**** Data ****
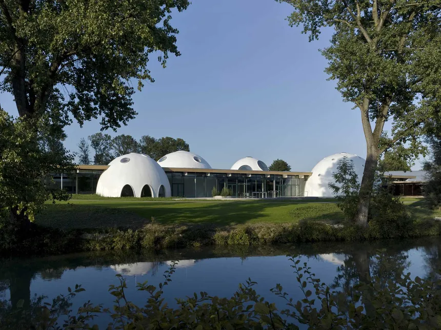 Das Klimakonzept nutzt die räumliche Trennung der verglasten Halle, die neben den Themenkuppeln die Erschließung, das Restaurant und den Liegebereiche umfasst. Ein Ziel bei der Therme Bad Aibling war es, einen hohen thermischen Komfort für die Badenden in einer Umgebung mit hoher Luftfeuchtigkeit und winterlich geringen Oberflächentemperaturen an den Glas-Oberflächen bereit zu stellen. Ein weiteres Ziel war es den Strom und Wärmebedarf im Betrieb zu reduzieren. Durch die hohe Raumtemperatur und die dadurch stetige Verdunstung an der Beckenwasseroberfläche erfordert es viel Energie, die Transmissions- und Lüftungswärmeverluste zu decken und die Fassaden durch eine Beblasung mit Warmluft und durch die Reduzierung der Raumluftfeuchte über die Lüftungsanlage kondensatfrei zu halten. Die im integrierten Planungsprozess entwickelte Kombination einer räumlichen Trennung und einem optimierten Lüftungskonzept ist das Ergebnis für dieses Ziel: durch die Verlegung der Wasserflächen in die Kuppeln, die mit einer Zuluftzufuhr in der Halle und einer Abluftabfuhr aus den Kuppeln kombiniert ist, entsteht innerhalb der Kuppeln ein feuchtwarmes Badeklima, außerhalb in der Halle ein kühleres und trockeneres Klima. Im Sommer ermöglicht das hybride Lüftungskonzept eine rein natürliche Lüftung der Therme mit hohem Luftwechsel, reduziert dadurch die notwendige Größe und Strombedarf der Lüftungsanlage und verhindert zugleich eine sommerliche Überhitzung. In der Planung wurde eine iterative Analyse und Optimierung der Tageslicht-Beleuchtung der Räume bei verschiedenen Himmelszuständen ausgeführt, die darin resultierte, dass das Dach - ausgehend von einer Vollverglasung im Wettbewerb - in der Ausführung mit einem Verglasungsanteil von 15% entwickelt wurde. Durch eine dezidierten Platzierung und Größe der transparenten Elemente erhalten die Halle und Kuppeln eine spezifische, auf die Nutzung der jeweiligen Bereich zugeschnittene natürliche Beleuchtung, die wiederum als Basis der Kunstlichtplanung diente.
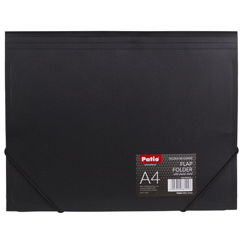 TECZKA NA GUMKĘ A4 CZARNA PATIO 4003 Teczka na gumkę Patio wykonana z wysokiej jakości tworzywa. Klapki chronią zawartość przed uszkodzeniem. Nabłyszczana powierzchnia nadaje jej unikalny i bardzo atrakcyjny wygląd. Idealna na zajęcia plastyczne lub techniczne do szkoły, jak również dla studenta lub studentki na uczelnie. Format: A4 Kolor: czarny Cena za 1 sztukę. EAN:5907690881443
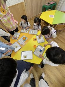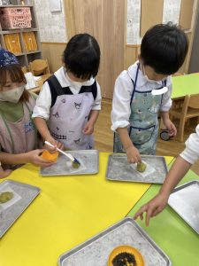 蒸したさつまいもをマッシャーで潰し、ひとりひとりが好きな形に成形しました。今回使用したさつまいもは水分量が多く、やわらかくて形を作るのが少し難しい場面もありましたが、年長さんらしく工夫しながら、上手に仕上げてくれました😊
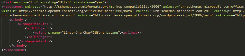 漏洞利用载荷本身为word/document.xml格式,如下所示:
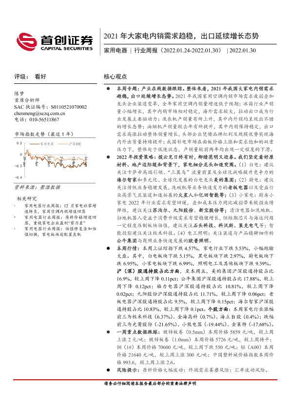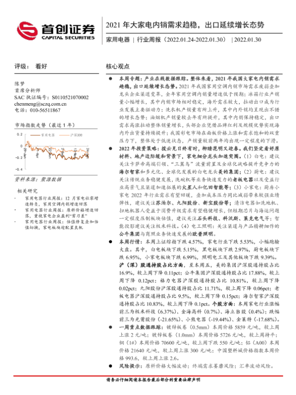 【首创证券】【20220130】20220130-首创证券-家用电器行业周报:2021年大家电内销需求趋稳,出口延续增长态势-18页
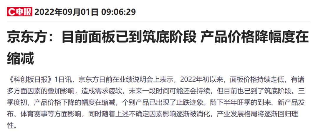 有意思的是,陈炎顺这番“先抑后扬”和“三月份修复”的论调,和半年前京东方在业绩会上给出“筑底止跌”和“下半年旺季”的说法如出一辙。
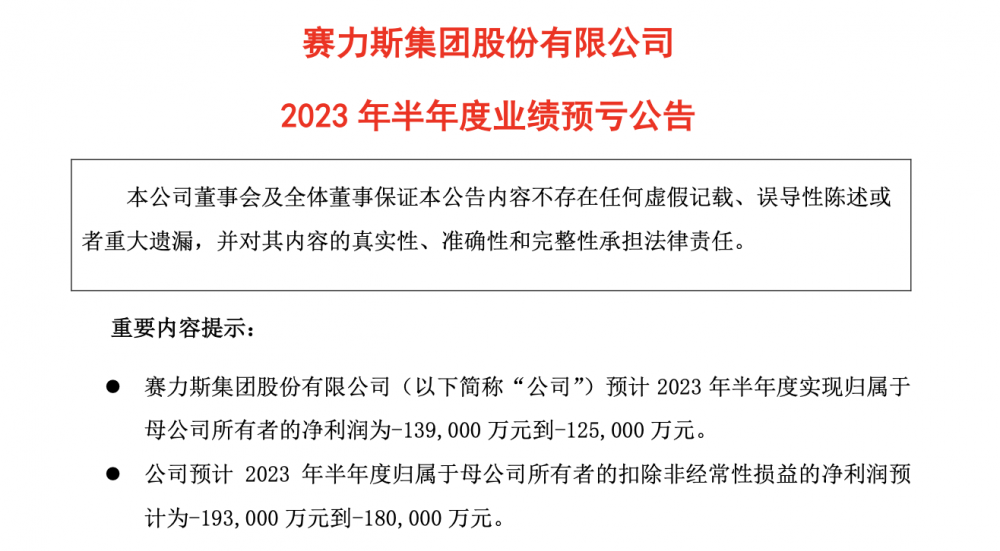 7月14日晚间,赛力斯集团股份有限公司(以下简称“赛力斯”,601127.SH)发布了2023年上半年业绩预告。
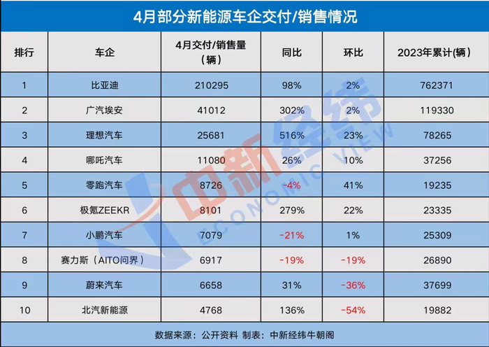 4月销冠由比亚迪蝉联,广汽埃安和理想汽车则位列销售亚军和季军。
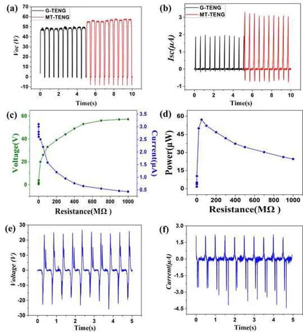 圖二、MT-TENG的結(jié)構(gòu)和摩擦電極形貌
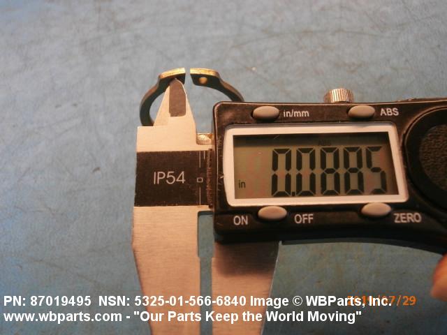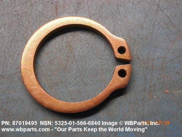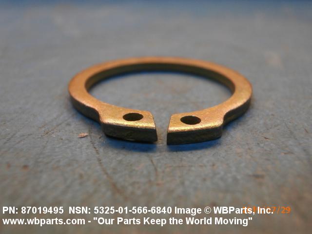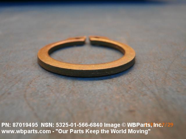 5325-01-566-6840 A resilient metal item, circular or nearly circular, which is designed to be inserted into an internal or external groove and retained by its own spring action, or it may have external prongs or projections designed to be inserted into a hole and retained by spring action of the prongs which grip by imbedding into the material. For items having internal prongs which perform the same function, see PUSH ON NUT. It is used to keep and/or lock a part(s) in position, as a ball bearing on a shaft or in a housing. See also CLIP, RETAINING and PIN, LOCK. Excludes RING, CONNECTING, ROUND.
****
**** Data ****
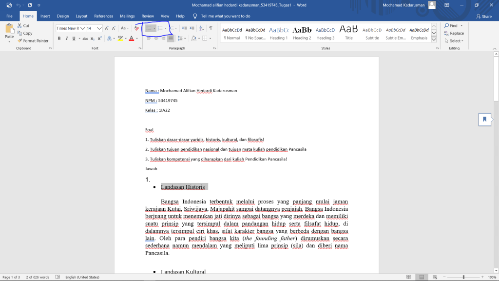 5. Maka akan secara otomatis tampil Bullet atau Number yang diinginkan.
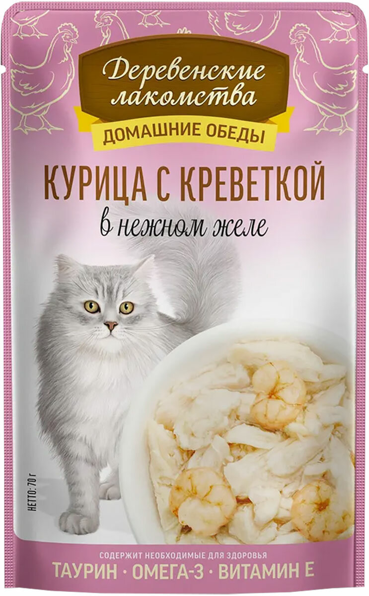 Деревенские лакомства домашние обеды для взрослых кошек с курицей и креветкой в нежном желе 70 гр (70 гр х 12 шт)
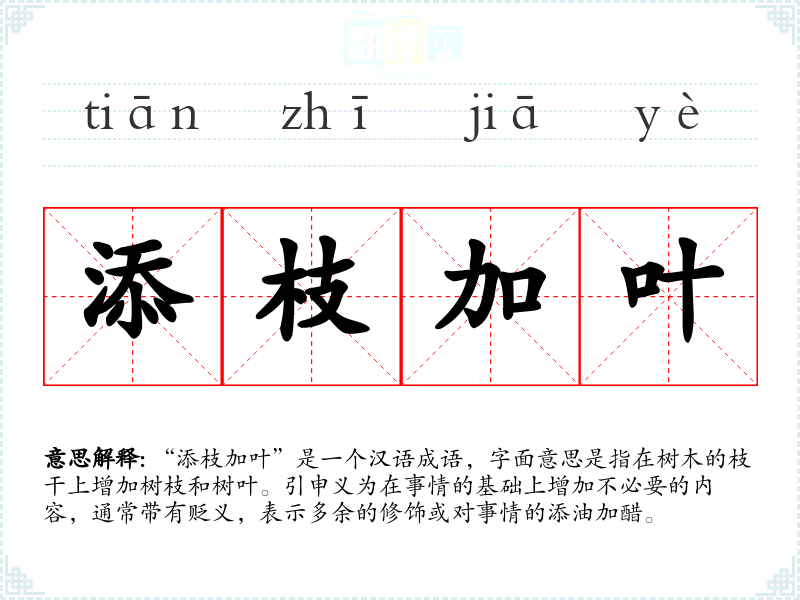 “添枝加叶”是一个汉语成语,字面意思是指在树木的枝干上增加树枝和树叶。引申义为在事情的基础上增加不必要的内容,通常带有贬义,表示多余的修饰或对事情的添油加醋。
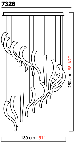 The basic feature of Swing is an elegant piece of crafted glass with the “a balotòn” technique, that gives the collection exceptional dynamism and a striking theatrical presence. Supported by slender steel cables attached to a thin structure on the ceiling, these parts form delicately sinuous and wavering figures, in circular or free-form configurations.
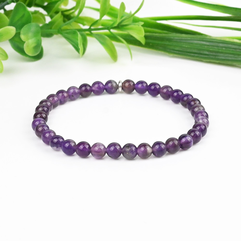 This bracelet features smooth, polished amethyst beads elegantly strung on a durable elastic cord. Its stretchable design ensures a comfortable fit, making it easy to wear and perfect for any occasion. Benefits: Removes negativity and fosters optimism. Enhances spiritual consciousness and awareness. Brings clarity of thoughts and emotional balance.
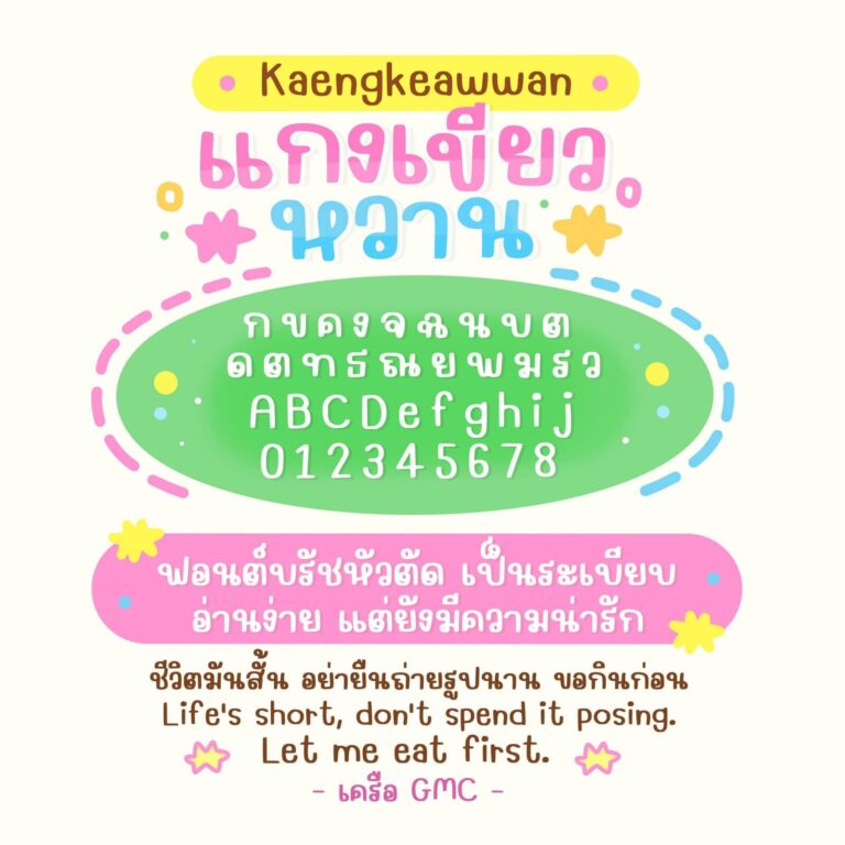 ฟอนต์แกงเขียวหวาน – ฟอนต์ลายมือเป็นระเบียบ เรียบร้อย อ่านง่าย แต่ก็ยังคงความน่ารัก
****
### Activity
Take the material above from the line bearing "蒸したさつまいもをマッシャー" through the line bearing "5325-01-566-6840 A resilient" and write it out exactly, both end lines included. Pictures stay out.

### Response below
 蒸したさつまいもをマッシャーで潰し、ひとりひとりが好きな形に成形しました。今回使用したさつまいもは水分量が多く、やわらかくて形を作るのが少し難しい場面もありましたが、年長さんらしく工夫しながら、上手に仕上げてくれました😊
 漏洞利用载荷本身为word/document.xml格式,如下所示:
 【首创证券】【20220130】20220130-首创证券-家用电器行业周报:2021年大家电内销需求趋稳,出口延续增长态势-18页
 有意思的是,陈炎顺这番“先抑后扬”和“三月份修复”的论调,和半年前京东方在业绩会上给出“筑底止跌”和“下半年旺季”的说法如出一辙。
 7月14日晚间,赛力斯集团股份有限公司(以下简称“赛力斯”,601127.SH)发布了2023年上半年业绩预告。
 4月销冠由比亚迪蝉联,广汽埃安和理想汽车则位列销售亚军和季军。
 圖二、MT-TENG的結(jié)構(gòu)和摩擦電極形貌
 5325-01-566-6840 A resilient metal item, circular or nearly circular, which is designed to be inserted into an internal or external groove and retained by its own spring action, or it may have external prongs or projections designed to be inserted into a hole and retained by spring action of the prongs which grip by imbedding into the material. For items having internal prongs which perform the same function, see PUSH ON NUT. It is used to keep and/or lock a part(s) in position, as a ball bearing on a shaft or in a housing. See also CLIP, RETAINING and PIN, LOCK. Excludes RING, CONNECTING, ROUND.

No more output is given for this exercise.